▸ **Work to be completed**: Without any images, write the listing below out word for word.

Supplied entries below:

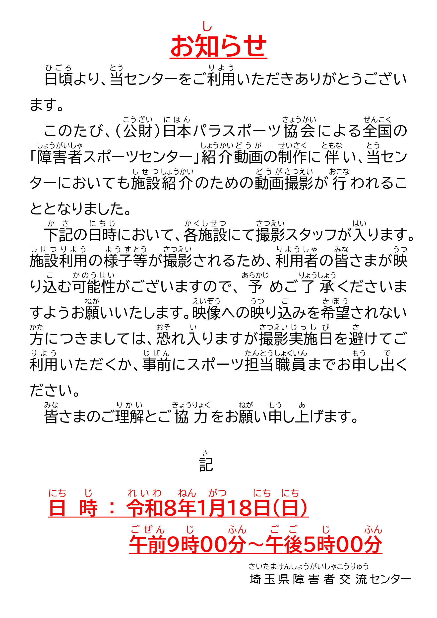 このたび、(公財)日本パラスポーツ協会による全国の「障害者スポーツセンター」紹介動画の制作に伴い、当センターにおいても施設紹介のための動画撮影が行われることとなりました。
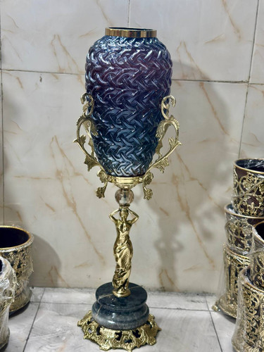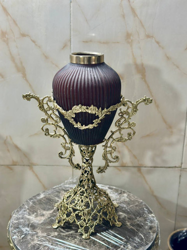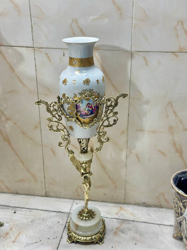 گلدان کنار سالنی چینی طلاکوب پایه سنگی
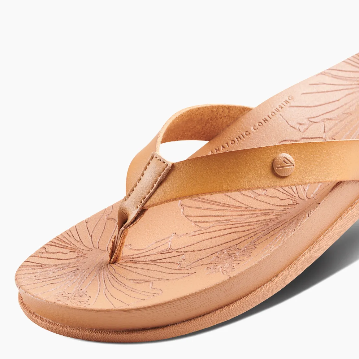 Cruise around in these cushiony soft sandals, designed for day-to-night go-everywhere style. Pretty details like a lasered tropical footbed pattern and sleek, vegan leather straps make these your new grab-and-go favorites.
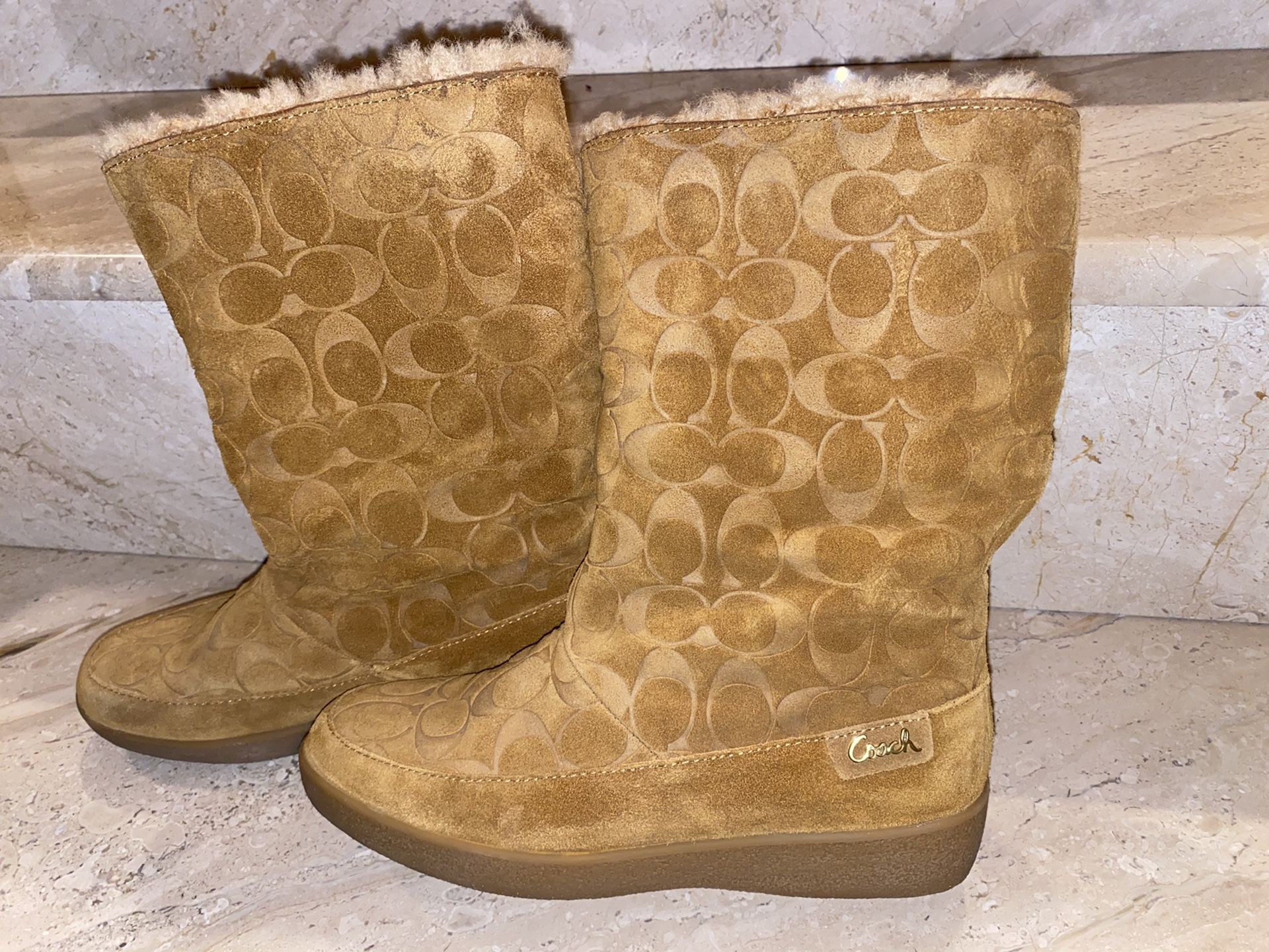 Coach Women’s Suede Chestnut fur boots Barely worn Size 7 1/2
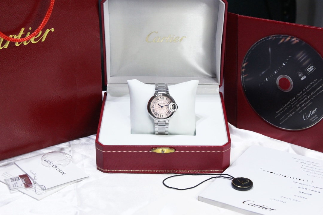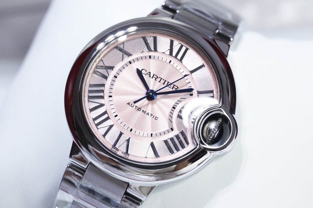 | Cartier Ballon Bleu 36mm 33mm Pink Dial Steel Bezel Strap WSBB0068 Ladies | |
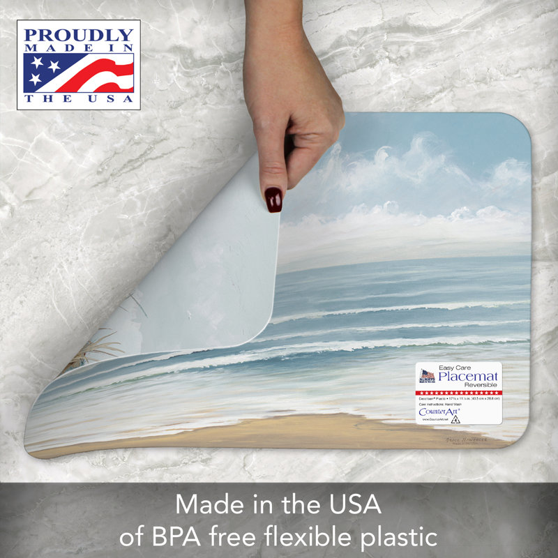 Made in the USA of BPA and PVC Free flexible plastic. Placemat measures 17.13†x 11.25†x .15â€. Placemats fit perfectly on any table. Reversible with coordinating image on each side. Easy Care Placemats protect your table or countertop from spilled food, scratches, or stains. Flexibility of the Placemat allows for easy transfer of crumbs and waste to the trash receptacle. Beautiful Designs allow the Placemat to remain displayed even when not in use.
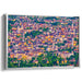 Introducing "Vivid Panorama," a mesmerizing European cityscape canvas art print that transports viewers to the heart of a bustling and colorful urban landscape. This vibrant piece offers an aerial view, showcasing the city's dense architecture in all its detailed glory.
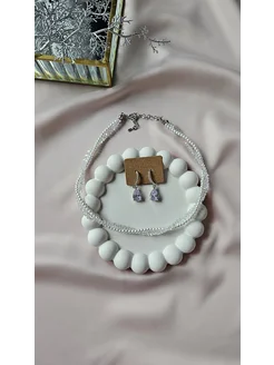 Набор украшений - колье и серьги жемчужные и прозрачные
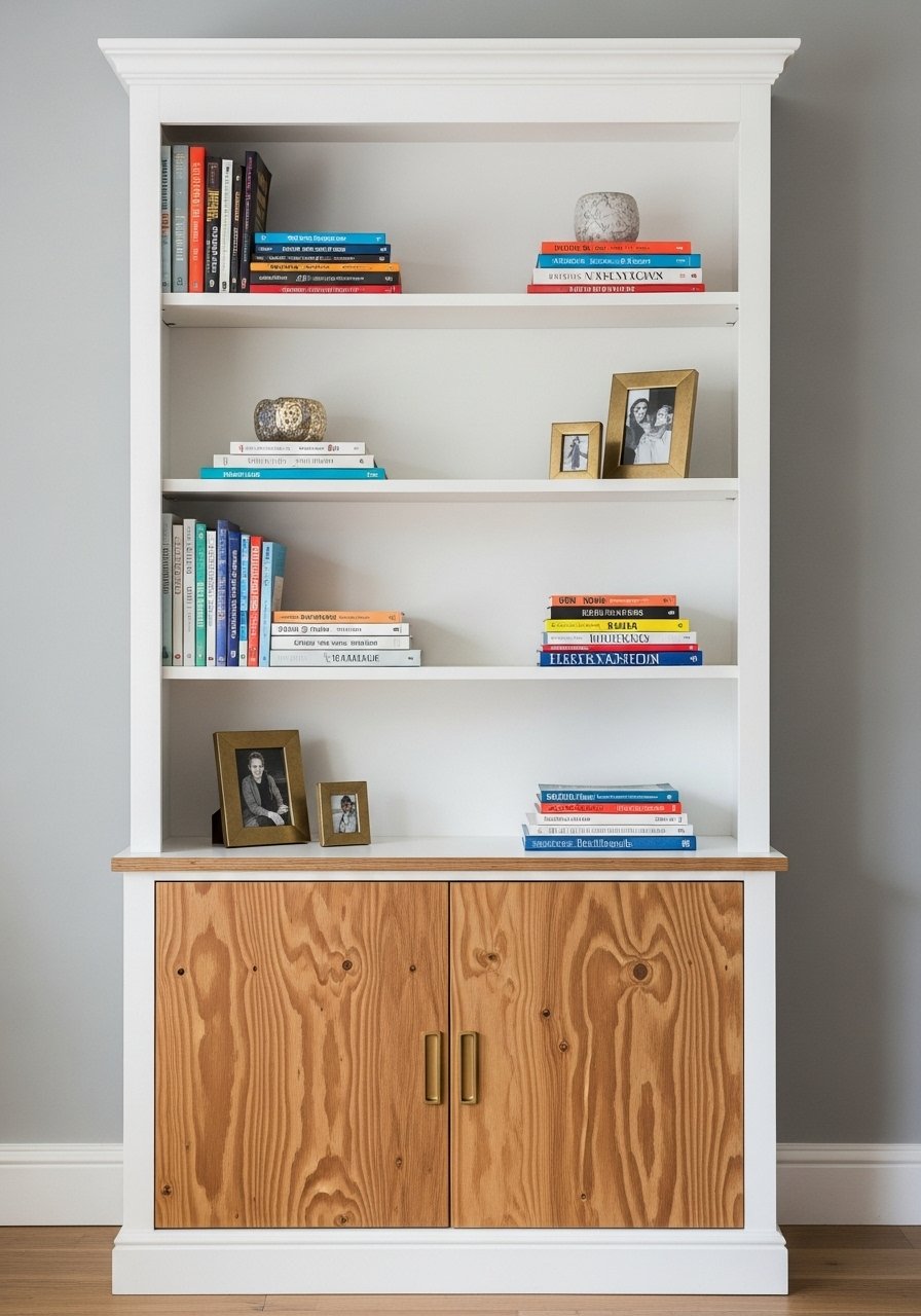 I added shallow plywood doors to the bottom half of a Billy unit for a built-in look. Paint the doors in a soft gray to match trim. The covered storage hides clutter and keeps the divider looking clean from both sides. Tip: install soft-close hinges for a polished feel. Mistake: don’t use tiny knobs—choose low-profile pulls or flush cutouts. Recommended: tall white bookcase.
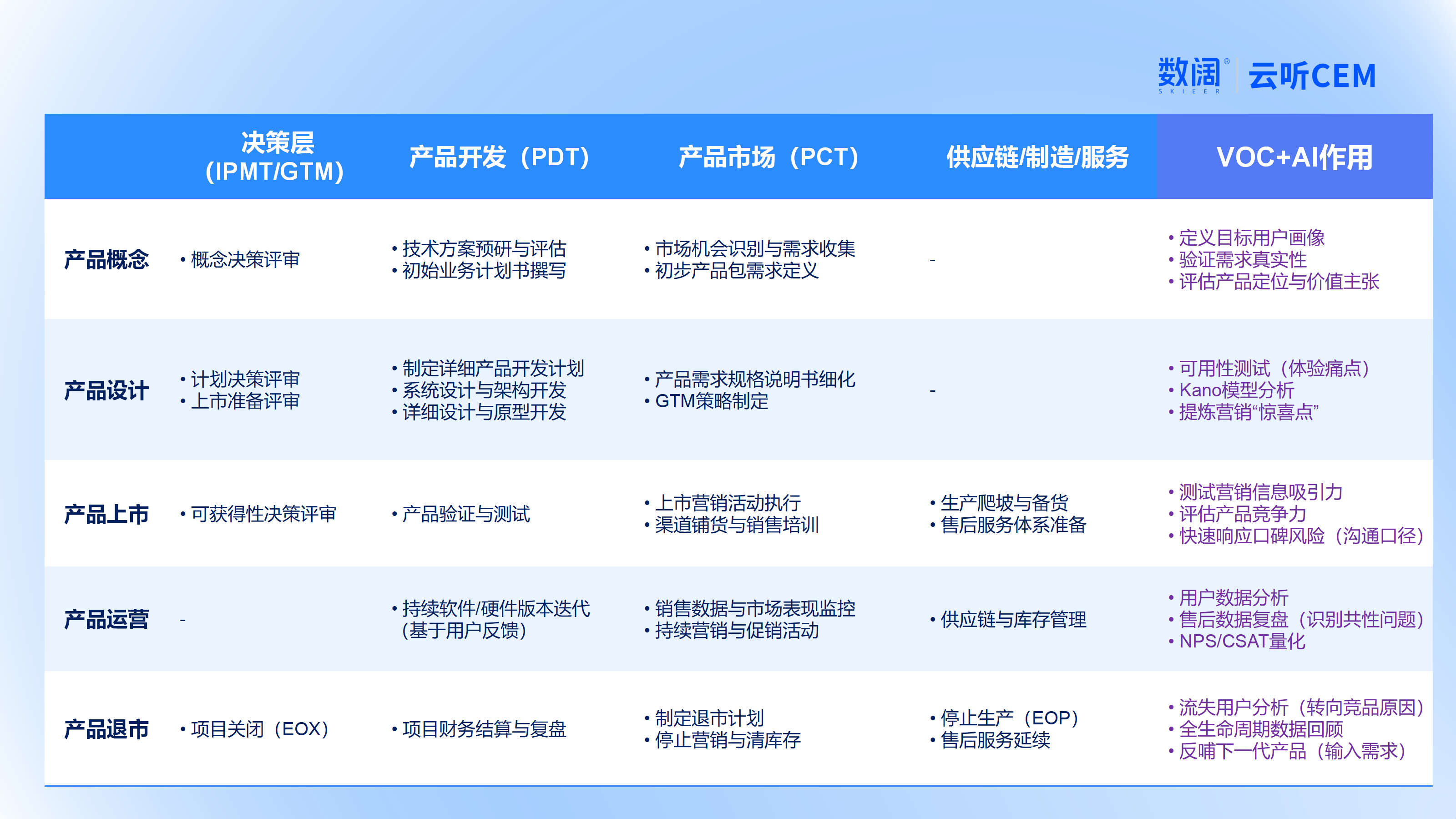 为什么有的品牌能把IPMS用出“盈利效果”?核心是用VOC+AI补上了“以客户为中心”的数据闭环,让“客户声音”能够自动穿透IPMS的产品概念-设计-上市-运营-退市全流程。

End of Supplied entries.

▸ **Output below**:
 このたび、(公財)日本パラスポーツ協会による全国の「障害者スポーツセンター」紹介動画の制作に伴い、当センターにおいても施設紹介のための動画撮影が行われることとなりました。
 گلدان کنار سالنی چینی طلاکوب پایه سنگی
 Cruise around in these cushiony soft sandals, designed for day-to-night go-everywhere style. Pretty details like a lasered tropical footbed pattern and sleek, vegan leather straps make these your new grab-and-go favorites.
 Coach Women’s Suede Chestnut fur boots Barely worn Size 7 1/2
 | Cartier Ballon Bleu 36mm 33mm Pink Dial Steel Bezel Strap WSBB0068 Ladies | |
 Made in the USA of BPA and PVC Free flexible plastic. Placemat measures 17.13†x 11.25†x .15â€. Placemats fit perfectly on any table. Reversible with coordinating image on each side. Easy Care Placemats protect your table or countertop from spilled food, scratches, or stains. Flexibility of the Placemat allows for easy transfer of crumbs and waste to the trash receptacle. Beautiful Designs allow the Placemat to remain displayed even when not in use.
 Introducing "Vivid Panorama," a mesmerizing European cityscape canvas art print that transports viewers to the heart of a bustling and colorful urban landscape. This vibrant piece offers an aerial view, showcasing the city's dense architecture in all its detailed glory.
 Набор украшений - колье и серьги жемчужные и прозрачные
 I added shallow plywood doors to the bottom half of a Billy unit for a built-in look. Paint the doors in a soft gray to match trim. The covered storage hides clutter and keeps the divider looking clean from both sides. Tip: install soft-close hinges for a polished feel. Mistake: don’t use tiny knobs—choose low-profile pulls or flush cutouts. Recommended: tall white bookcase.
 为什么有的品牌能把IPMS用出“盈利效果”?核心是用VOC+AI补上了“以客户为中心”的数据闭环,让“客户声音”能够自动穿透IPMS的产品概念-设计-上市-运营-退市全流程。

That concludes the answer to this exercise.